- [Work instruction]:
Could you write out, exactly, every line from the top of the data through the line holding "Da segnalare che"? Omit the pictures.

- [Supplied information]:

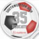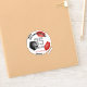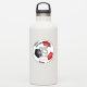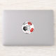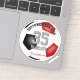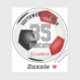 This team colours soccer sticker for boys or girls features the realistic image of a soccer ball that has red, black and white panels - customize the player's name, jersey number, team name and mascot name - by katz_d_zynes
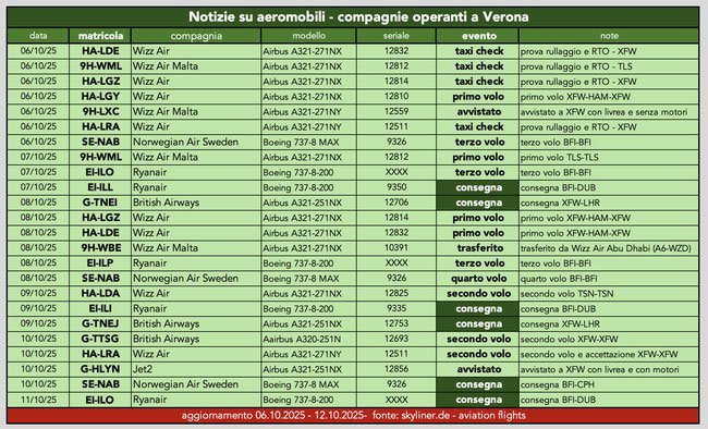 Da segnalare che oggi, lunedì 13 ottobre, è prevista la visita del Ryanair EI-ILH, consegnato alla compagnia irlandese lo scorso 22 settembre e entrato in servizio commerciale il 24 settembre che ha già comunque visitato il Catullo il 28.
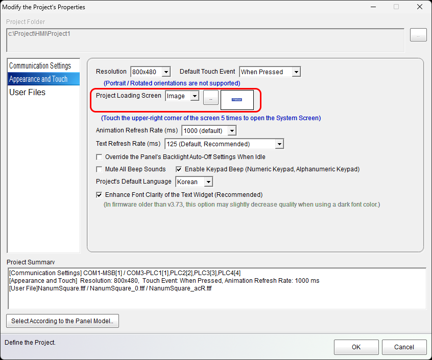When the project is first loaded, the ComfileHMI can display a splash screen (e.g. a company logo), or simply load the project's initial screen.
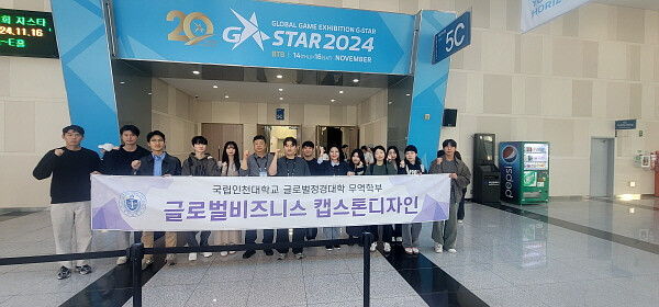 [인천=김형만 기자] 인천대학교 글로벌 정경대학(무역학부 및 대학원 관광컨벤션엔터테인먼트학과)의 박영은 교수와 무역학부의 ‘글로벌 비즈니스 캡스톤디자인’ 교과목의 수강 학생들 (김미림, 김민호, 김형진, 박대연, 박유나, 박은정, 이성민, 송채린, 신민아, 최철규, 피재훈, 황성윤 이상 12명)은 국내 최대 게임쇼인 2024년 제20회 부산 G-STAR게임쇼에 산학협력기업인 ㈜애니듀 (대표: 이진식, 본부장: 이동섭)와 함께 참가해 B2B관 부스 운영 활동 및 B2C관 활동을 진행했다.

- [Answer box]:
 This team colours soccer sticker for boys or girls features the realistic image of a soccer ball that has red, black and white panels - customize the player's name, jersey number, team name and mascot name - by katz_d_zynes
 Da segnalare che oggi, lunedì 13 ottobre, è prevista la visita del Ryanair EI-ILH, consegnato alla compagnia irlandese lo scorso 22 settembre e entrato in servizio commerciale il 24 settembre che ha già comunque visitato il Catullo il 28.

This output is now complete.